REPUBLIKA.CO.ID, YERUSALEM— Anggota Dewan Legislatif Hamas dan Wakil Ketua Asosiasi Cendekiawan Islam Palestina, Syekh Salem Salameh, mengeluarkan pernyataan cukup berani. Syekh Salem mengatakan, George Washington telah membunuh penduduk asli Amerika karena mereka adalah Muslim yang memiliki masjid.
Dilansir dari Israel National News, Syekh Salem mengatakan dalam wawancara dengan Mayadeen TV (Lebanon) bahwa ada Muslim yang mengakui dan menormalkan hubungan dengan Israel. Laporan tersebut disampaikan kepada Middle East Media Research Institute (MEMRI).
Dia mengatakan ini merupakan pengkhianatan terhadap Tuhan, Islam, dan Muslim, dan Palestina dan Yerusalem adalah tanah Islam dan milik semua Muslim di dunia. Dia mengklaim Presiden AS George Washington telah memperingatkan kaum Muslim dan membunuh penduduk asli Amerika karena mereka adalah Muslim yang memiliki masjid.
Selain itu, Sheikh Salameh mengatakan AS telah mengeluarkan putusan yang memungkinkan orang Yahudi untuk membunuh Palestina.
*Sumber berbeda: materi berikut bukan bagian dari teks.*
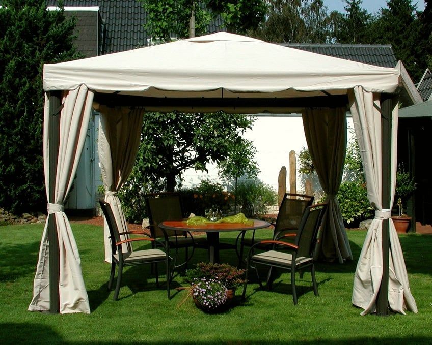 Das Walmdach-Design mit den raffbaren Seitenwänden sieht total mediterran aus und sorgt für Urlaubsfeeling im eigenen Garten. Aus robustem 50mm Stahlrohr gefertigt, steht der Pavillon bombenfest. Die Polyester-Plane ist 100% wasserdicht durch PVC-Beschichtung.

Pernyataan Syekh Salem sebenarnya bukan hal baru. Nasib Indian Muslim, nyaris tidak terungkap dalam sejarah Amerika. Padahal menurut Mahir Abdal-Razzaaq El, seorang Muslim dari Suku Indian Cherokee Blackfoot di New York, AS, saat ini ada sejumlah Muslim yang hidup di dalam kelompok sukunya.
Sayangnya, sebagian besar masyarakat Amerika justru mengabaikan fakta tersebut. Bahkan, mereka tidak menyadari adanya kontak antara orang-orang Indian dan umat Islam pada masa lampau.
“Hubungan antara Indian dan Islam sudah dimulai oleh para penjelajah Muslim awal yang mengunjungi daratan Amerika, lebih dari seribu tahun yang lalu. Beberapa di antara pendatang Muslim itu bahkan akhirnya hidup bersama nenek moyang kami, penduduk asli Amerika,” tutur Mahir yang bergelar Eagle Sun Walker (Elang Penapak Matahari)lewat sebuah artikel yang dipublikasikan oleh Majalah The Message pada 1996 lalu.
Dia menuturkan, ada banyak dokumen, naskah perjanjian, undang-undang, dan resolusi yang disahkan antara abad ke-17 dan ke-18 yang menunjukkan berbagai macam aktivitas komunitas Muslim Indian. Seperti Perjanjian Persahabatan yang ditandatangani di Sungai Delaware pada 1787, misalnya. Kesepakatan antara Abdel-Khak dan Muhammad Ibnu Abdullah tersebut menjelaskan hak-hak masyarakat Indian di bidang perdagangan, pelayaran maritim, dan pemerintahan—yang pada waktu itu sejalan dengan Islam.
“Sayangnya informasi semacam ini sangat jarang diketahui orang banyak karena tidak pernah disebutkan dalam buku-buku sejarah,” ujar Mahir.
Menurutnya, banyak istilah yang digunakan oleh komunitas Indian yang dipengaruhi kata-kata dari bahasa Arab, Persia, dan Ibrani. Bahkan, aturan berbusana yang melekat pada orang-orang Indian di masa lampau, terutama suku Cherokee, juga banyak mendapat sentuhan nilai-nilai Islami.
“Jika Anda membuka salah satu buku tua yang berisi tentang pakaian tradisional masyarakat Cherokee sampai pada 1832, maka Anda akan melihat kaum pria mengenakan sorban, sedangkan kaum perempuannya memakai penutup kepala yang panjang,” tuturnya.
Tidak hanya itu, kata Mahir lagi, pemimpin Cherokee terakhir yang hidup pada abad ke-19 juga memiliki nama Muslim, yaitu Ramadhan Ibnu Wati. Namun, pengaruh Islam yang pernah tumbuh di kalangan masyarakat Indian tersebut kini seakan-akan punah. Hari ini, tanah leluhur mereka, benua Amerika, hampir seluruhnya diwarnai oleh peradaban Barat.